Unnamed: 0,Name,Baseball Reference ID
0,A.J. Alexy,alexyaj01
1,A.J. Ladwig,ladwiaj01
2,A.J. Minter,minteaj01
3,A.J. Puk,pukaj01
4,AJ Pollock,polloaj01
...,...,...
1490,Zack Littell,litteza01
1491,Zack Short,shortza01
1492,Zack Thompson,thompza02
1493,Zack Weiss,weissza01


In [24]:
retrosheet_playerID_dataframe

Unnamed: 0,RetroSheet ID,Name
0,alexa001,A. J. Alexy
1,ladwa001,A. J. Ladwig
2,minta001,A. J. Minter
3,puk-a001,A. J. Puk
4,polla001,AJ Pollock
...,...,...
1490,littz001,Zack Littell
1491,shorz001,Zack Short
1492,thomz002,Zack Thompson
1493,weisz001,Zack Weiss


## Determining ID Equivalencies
---

Now that we have our two tables, we can start the main process of creating our combined table!

There are different ways to approach this process, but I'll choose to use a combination of automated and manual processing. Since I'm only looking at the 2022 MLB players, and only about 10% (< 200) of them fall into the manual processing category, this is managable.

If this project were expanded to encompass larger sets of players, it may not be so managable to do manual editing with the approach I use here. In that situation, it could make sense to expand the scope of the coding work for automation to reduce or potentionally eliminate the manual editing portion. Given the non-standardized nature of human naming conventions, it's possible that some human attention will always be required.

I'll start by splitting up all the players into separate disjoint cases. Breaking down the data this way makes it much easier to work with.

* Player shares a name with at least one other player (`Case 1`)
* Player does not share a name with another player
    * Player name is listed identically between the two sources (`Case 2`)
    * Player name is listed differently between the two sources (`Case 3`)

`Case 2` is the case into which 90% of MLB players fall. This is the easist case to handle and does not require any manual processing.

`Case 1` and `Case 3` are the situations that require greater scrutiny. 

I will make three separate equivalency tables, one for each disjoint case. At the end, I will combine all three tables into one table to produce the final result.

### `Case 1`: Duplicate Names

First, I need to address the duplicate names. Some players share the same exact name, dealing with these cases first to makes the rest of the process much smoother.
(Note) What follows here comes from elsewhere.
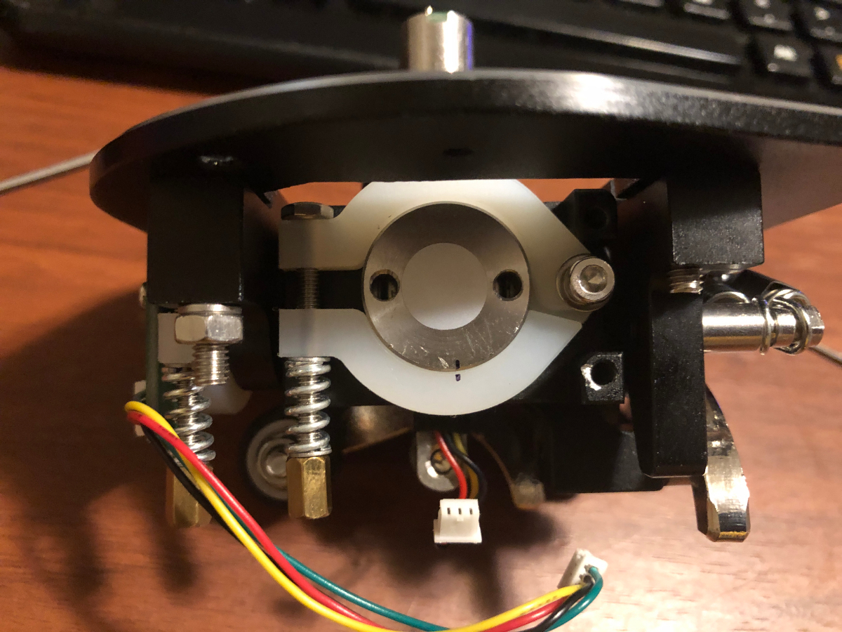 Playing around with this with two hands, in this disassembled state without the springs or cam (?) in place, there is considerable play in the Y Axis and a small amount of play in the X Axis.

To begin, I need to determine which names are duplicated. I'll do this separately for the two sources. Since Baseball Reference formats player names differently than RetroSheet, the results may be slightly different.

I'll use code to create these two tables, and then export the tables to `.csv` files and complete the manual editing in a program like Excel/Numbers/Google Sheets/etc. I'll export that result to another `.csv` file that I'll import back into this notebook as the final result for this case.
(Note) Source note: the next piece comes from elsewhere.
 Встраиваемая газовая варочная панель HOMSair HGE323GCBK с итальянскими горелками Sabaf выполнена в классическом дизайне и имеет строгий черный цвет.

The last step is to remove this set of players from my working tables (`bbref_playerID_dataframe`) and (`retrosheet_playerID_dataframe`) so that only `Case 2` and `Case 3` players remain.

In [31]:
# Create a list of all the duplicated names in Baseball Reference
duplicatename_status = bbref_playerID_dataframe.duplicated('Name')
bbref_duplicatename_list = bbref_playerID_dataframe[duplicatename_status]['Name']

# Create a list of all the duplicated names in RetroSheet
duplicatename_status = retrosheet_playerID_dataframe.duplicated('Name')
retrosheet_duplicatename_list = retrosheet_playerID_dataframe[duplicatename_status]['Name']

In [32]:
# Create a DataFrame of the duplicated names in Baseball Reference
duplicatename_status = bbref_playerID_dataframe['Name'].isin(bbref_duplicatename_list)
bbref_duplicatename_dataframe = bbref_playerID_dataframe[duplicatename_status]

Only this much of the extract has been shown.